Can you we please talk about the word “vacuum?”

Because, I’ve had enough. I spell it wrong every single time and, every single time, I get annoyed. I mean, is that seriously how it’s spelled? Two U’s? One C? No E in sight?

Adding insult to injury, there is no surefire way to remember how to spell it either. For a while, I tried to convince myself its hose, when hung, looks like double U’s. But it doesn’t. When hung, it looks like oval-shaped O’s. It looks about as much like U’s as it does C’s.

But that bloody word has prompted me to look up a list of other frequently misspelled words. There’s actually a list on Google, you know. And, actually, the list is really fun. Because who doesn’t love to hate the likes of “definitely?” Or “embarrassed?” Or “rhythm?” Want some more?

Accidentally
Believe
Calendar
Committed
Conscience
Conscious
Daiquiri
Gauge
Hierarchy
Judgment
Maneuver
Mischievous
Misspell (har, har, I love that this is on there)
Neighbor
Noticeable
Possession
Privilege

There is actually even a list of the most frequently misspelled words divided by state — NBC News reported on it. If you’re curious, the most frequently misspelled word in Kentucky in 2017 was “beautiful.” I’m actually kind of proud that was it — I mean, what is up with that spelling, after all? It was the top misspelled word in California, Ohio, Minnesota and New York, too.

Washington had “pneumonia” (understandable); Arkansas and South Carolina had “Chihuahua” (likewise); and West Virginians and Connecticutians, those smarties, had trouble with “supercalifragilisticexpialidocious” (show-offs).

Conversely, Rhode Island had “liar” and Georgia had “gray,” which, I mean, that’s kind of humiliating. Most embarrassing (two R’s, two S’s, sigh) was Wisconsin though. The most misspelled word in America’s Dairyland was, yep, “Wisconsin.”

Of course, misspelling hard words is one thing. What I can’t wrap my mind around is that we’re still having such a hard time with “it’s” and “its.” I guess I got lucky and the rule stuck in my brain a long time ago, but, to me, it’s so simple: You use “it’s” if it can be replaced with “it is.” If it can’t, you use “its.” Same thing with “your” and “you’re.” And that’s it. Game over, you’re done.

Granted, there are still words for which I have to rely on a mnemonic (now that’s a word and a half) device in order to spell them correctly. I remember “believe” because “believe a lie.” I remember “peek” because it looks like it has two eyes and “peak” because the A looks like a mountain when capitalized. “Island” actually is land, so I remember that one. And there is the always memorable “piece” of “pie” and the “secretary,” who keeps a “secret.”

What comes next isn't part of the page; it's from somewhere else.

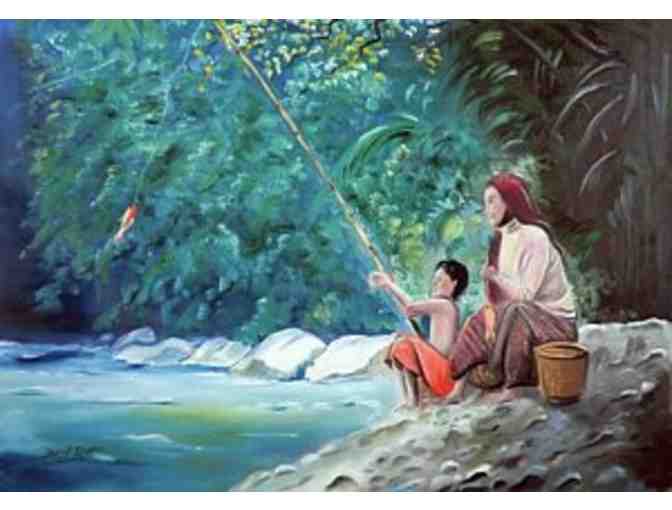 "Southern Thai Boy Fishing With His Mother" by Derek Rutt!: Ltd Ed Canvas: 10.00" x 7.00"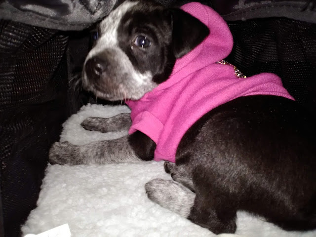 I filled up and went inside to use the bathroom, and when I came back out, I heard some whining. I look down, and in a Tecate box is this cute little puppy. I looked around the entire parking lot to first make sure there were no other puppies out in this cold and secondly to see if anyone would claim them or saw something. Most people said no and got in their cars or acted disinterested. So I did the only thing I could think of, I put her in my car and brought her with me.

But vacuum? I mean, come on. Ridiculous. Unfair, even.

It made me wonder if there are any other words in the English language with the double U and then I was reminded of “continuum.” There is also “residuum,” “menstruum,” “triduum,” “duumvir” and “duumvirate.” I think we’ll all agree none of these are the popular cheerleaders of the English language. There is “muumuu,” however, and I do think this is rather adorable.

Anyways, thanks for letting me get that out. I certainly am appreciative, except for the fact that I actually do need to go and do it now. Vacuum, I mean.